When wind speeds exceed these threshold values, the concentration of particulate matter (PM1, PM2.5, or PM10) tends to decrease significantly. This aligns with the physical expectation that higher wind speeds disperse pollutants more effectively. Below the thresholds, PM levels are more dispersed and higher, indicating that lower wind speeds are insufficient to disperse airborne particles effectively. Above these thresholds, PM levels consistently decrease, suggesting that wind speeds at or above ~3.0–3.2 m/s are effective in clearing particulate matter from the air.
For validation purposes, the threshold analysis was visually inspected using the daily variation in PM levels and changes in wind speed.
Figure 11. illustrates the hourly variation in PM
1, PM
2.5, and PM
10 levels alongside wind speed at Shahrah-e-Faisal, revealing an inverse relationship between wind speed and particulate matter concentrations.
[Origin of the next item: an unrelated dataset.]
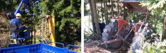 THW birgt landwirtschaftliches Zugfahrzeug auf Abwegen Das linke Bild zeigt THW-Kranführer Karl Lanik beim Herausziehen der Sämaschine. Das rechte Bild zeigt das Zugfahrzeug in einem abschüssigen Waldstück. (Fotos:THW)(bm) (as) Im Anschluss an das Sprengen des Felsens am Itterberg wurden am 20.September drei Helfer des THW OV Eberbach vom OV Neunkirchen mit dem Kranwagen zu Hilfe gerufen. Auf einem Acker in der Nähe von Neunkirchen war ein landwirtschaftliches Zugfahrzeug mit aufgesetzter Sähmaschine in ein abschüssiges Waldstück gefahren. Der Landwirt war zu diesen Zeitpunkt nicht auf dem Zugfahrzeug gesessen und blieb daher unverletzt. Nach Begutachtung durch Helfer aus Eberbach und Neunkirchen begann die Bergung. Zunächst wurde die Sämaschine abmontiert und mit Hilfe des Krans geborgen. Anschließend konnte mit einer Seilwinde die Zugmaschine rückwärts aus dem Waldstück gezogen werden. An der Sämaschine entstand vermutlich Totalschaden. Sie wurde mit dem Kranwagen auf den Hof des Landwirts transportiert.
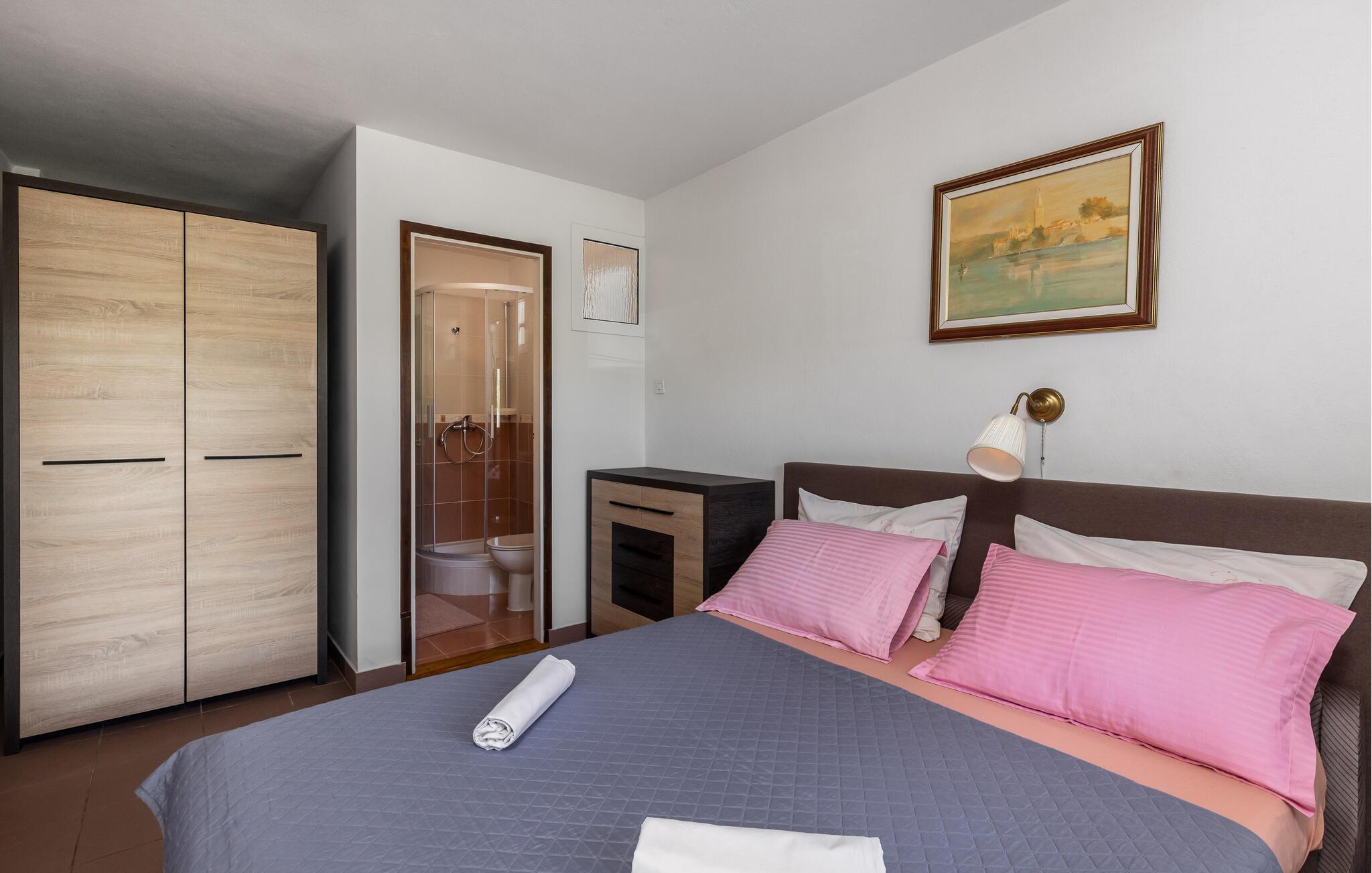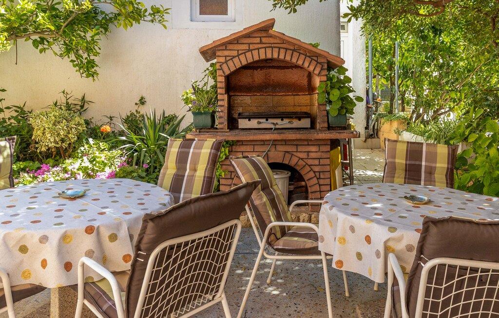 Denne lejlighed ligger i stueetagen i et dejligt hus og er ideel til en familie. I kommer til at bo tæt på stranden i et roligt område, så placeringen er helt perfekt. Der er hyggelige forhold indenfor, og hvis I gerne vil nyde solen uden at pakke en taske, kan I bare sætte jer ud på terrassen. Tænd op i fællesgrillen og tilbered noget lækkert fra Kroatiens rige udvalg af råvarer.

PM levels peak during the morning hours, particularly around 8:00–9:00 AM, coinciding with high traffic congestion and relatively low wind speeds. Throughout the day, PM levels fluctuate moderately but begin to decline significantly after 1:00 PM, when wind speed increases sharply. Wind speed peaks around 2:20 PM and continues to show periodic surges in the evening, contributing to a noticeable reduction in PM concentrations. This trend validates the threshold analysis, demonstrating that wind speeds above approximately 3–4.5 m/s effectively disperse airborne particulate matter, highlighting the crucial role of wind speed in mitigating air pollution at this arterial road.
In conclusion, these threshold values could serve as benchmarks for urban air quality management, indicating that maintaining wind speeds above these levels (through strategic city planning or monitoring) can significantly improve air quality.